They generally burst into fragments and fall without doing damage.
It is clear that "empty space" is, at least within the limits of our
solar system, full of these things. They swarm like fishes in the seas.
Like the fishes, moreover, they may be either solitary or gregarious.
The solitary bit of cosmic rubbish is the meteorite, which we have just
examined. A "social" group of meteorites is the essential part of a
comet. The nucleus, or bright central part, of the head of a comet (Fig.

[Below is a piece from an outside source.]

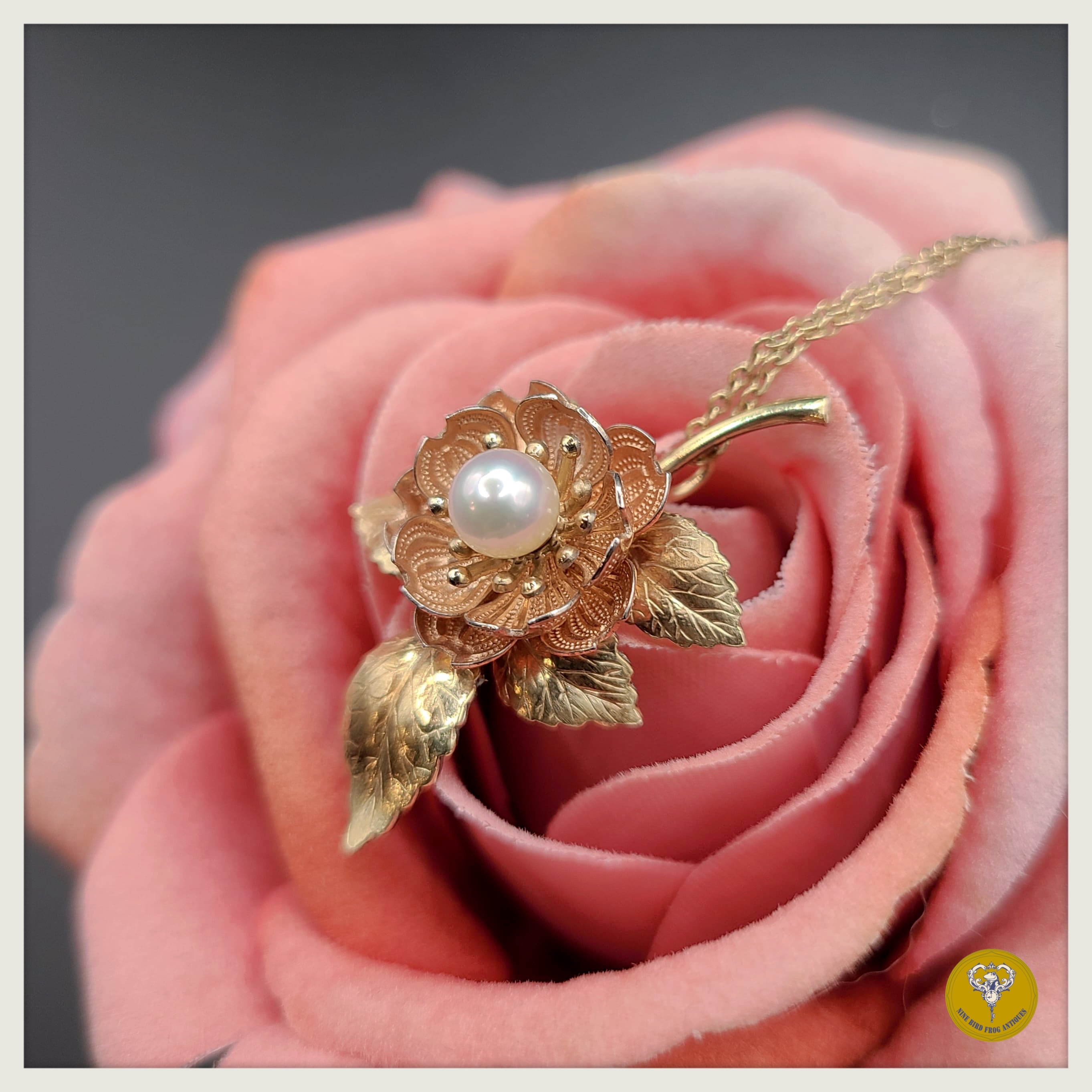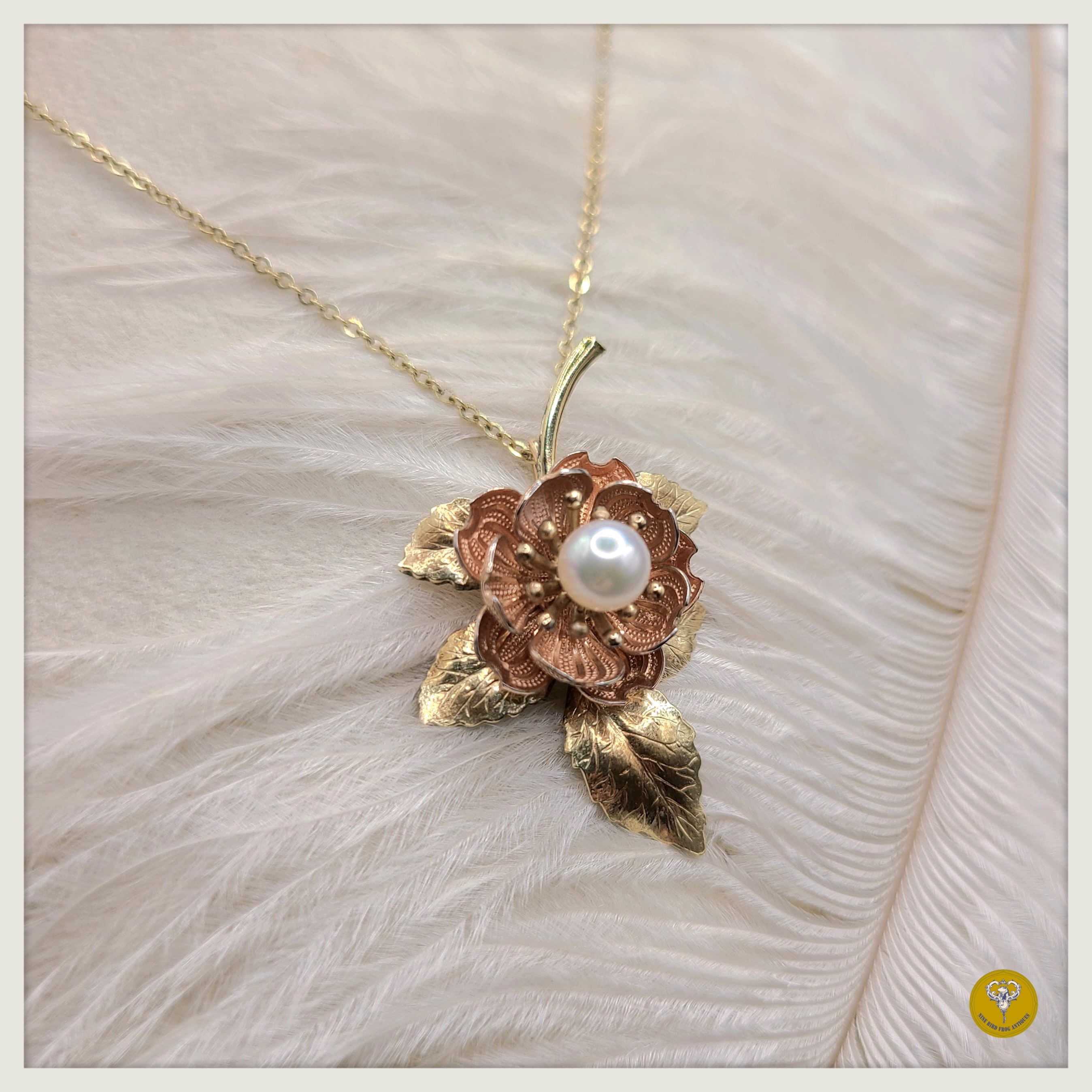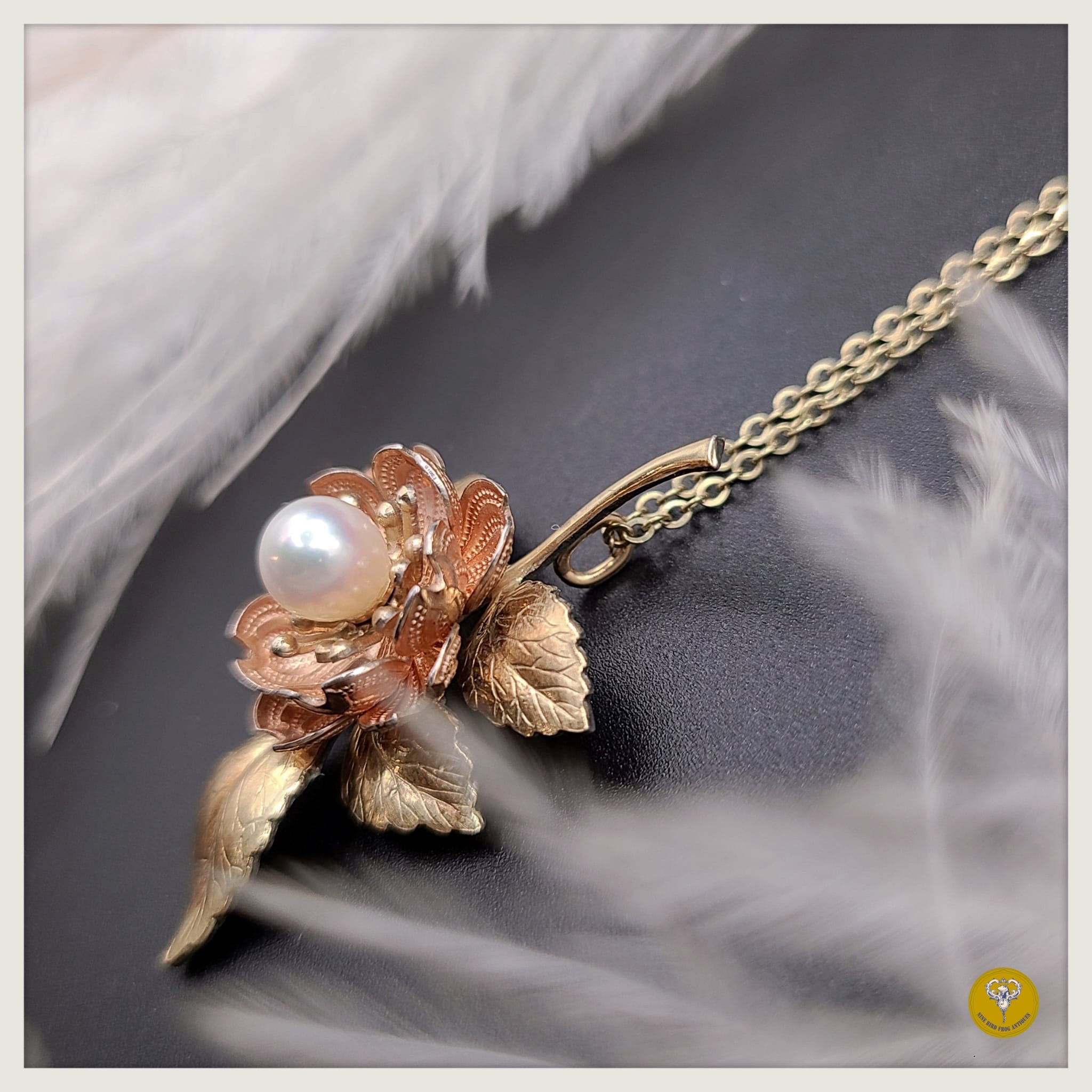 60年代Krementz 珍珠14k包金櫻花頸鍊

19) consists of a swarm, sometimes thousands of miles wide, of these
pieces of iron or stone. This swarm has come under the sun's
gravitational influence, and is forced to travel round it. From some
dark region of space it has moved slowly into our system. It is not then
a comet, for it has no tail. But as the crowded meteors approach the
sun, the speed increases. They give off fine vapour-like matter and the
fierce flood of light from the sun sweeps this vapour out in an
ever-lengthening tail. Whatever way the comet is travelling, the tail
always points away from the sun.
A Great Comet
The vapoury tail often grows to an enormous length as the comet
approaches the sun. The great comet of 1843 had a tail two hundred
million miles long. It is, however, composed of the thinnest vapours
imaginable. Twice during the nineteenth century the earth passed through
the tail of a comet, and nothing was felt. The vapours of the tail are,
in fact, so attenuated that we can hardly imagine them to be white-hot.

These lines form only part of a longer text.